Please repeat the whole listing exactly, but leave the pictures out.

DATA PROVIDED:
┄┄┄┄┄┄┄┄┄┄┄┄┄┄┄┄┄┄┄┄

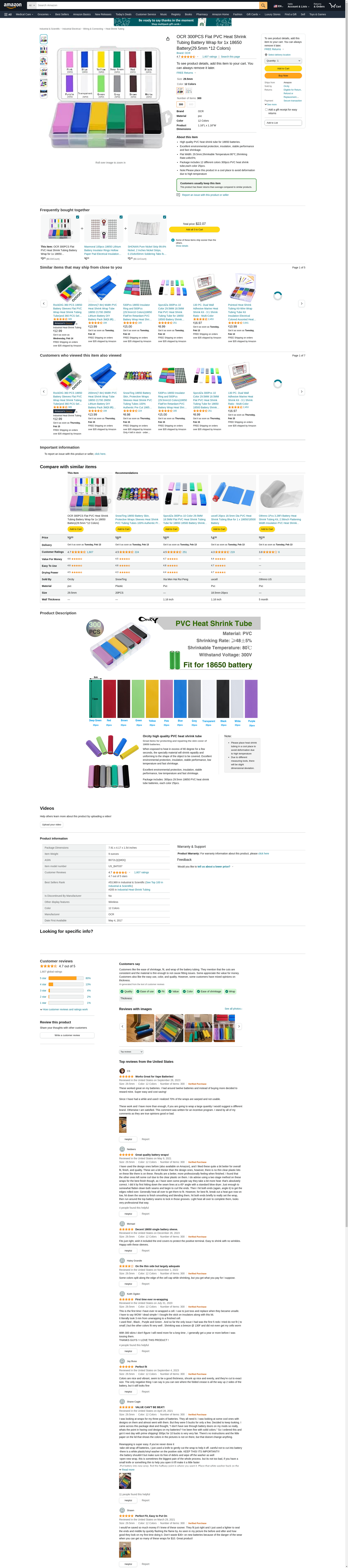 OCR Flat PVC Heat Shrink Tubing Battery Wrap for 1x 18650 Battery 300PCS(29.5mm12 Colors): Maxedbuy.com
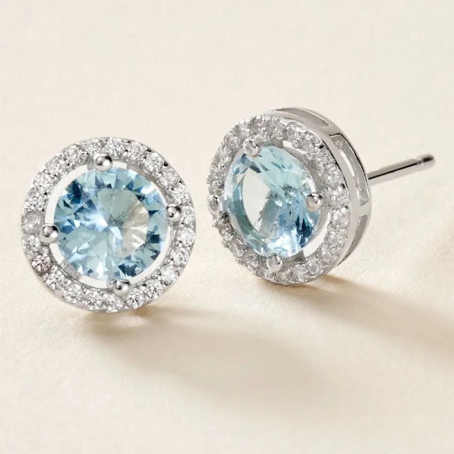 Boucles D’oreilles Puces Argent Blanc 925/1000 Oxydes De Zirconium Bleu Azur Entourage Oxydes Sertis Griffes
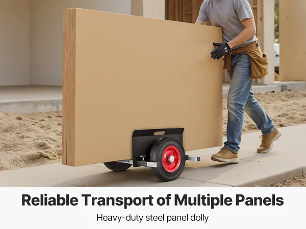 Ten wytrzymały, stalowy wózek do transportu paneli udźwignie do 453,6 kg. Umożliwia łatwe przenoszenie wielu paneli, oszczędzając pracę, zwiększając wydajność i zapewniając bezpieczny transport.

┄┄┄┄┄┄┄┄┄┄┄┄┄┄┄┄┄┄┄┄

RESPONSE BOX:
 OCR Flat PVC Heat Shrink Tubing Battery Wrap for 1x 18650 Battery 300PCS(29.5mm12 Colors): Maxedbuy.com
 Boucles D’oreilles Puces Argent Blanc 925/1000 Oxydes De Zirconium Bleu Azur Entourage Oxydes Sertis Griffes
 Ten wytrzymały, stalowy wózek do transportu paneli udźwignie do 453,6 kg. Umożliwia łatwe przenoszenie wielu paneli, oszczędzając pracę, zwiększając wydajność i zapewniając bezpieczny transport.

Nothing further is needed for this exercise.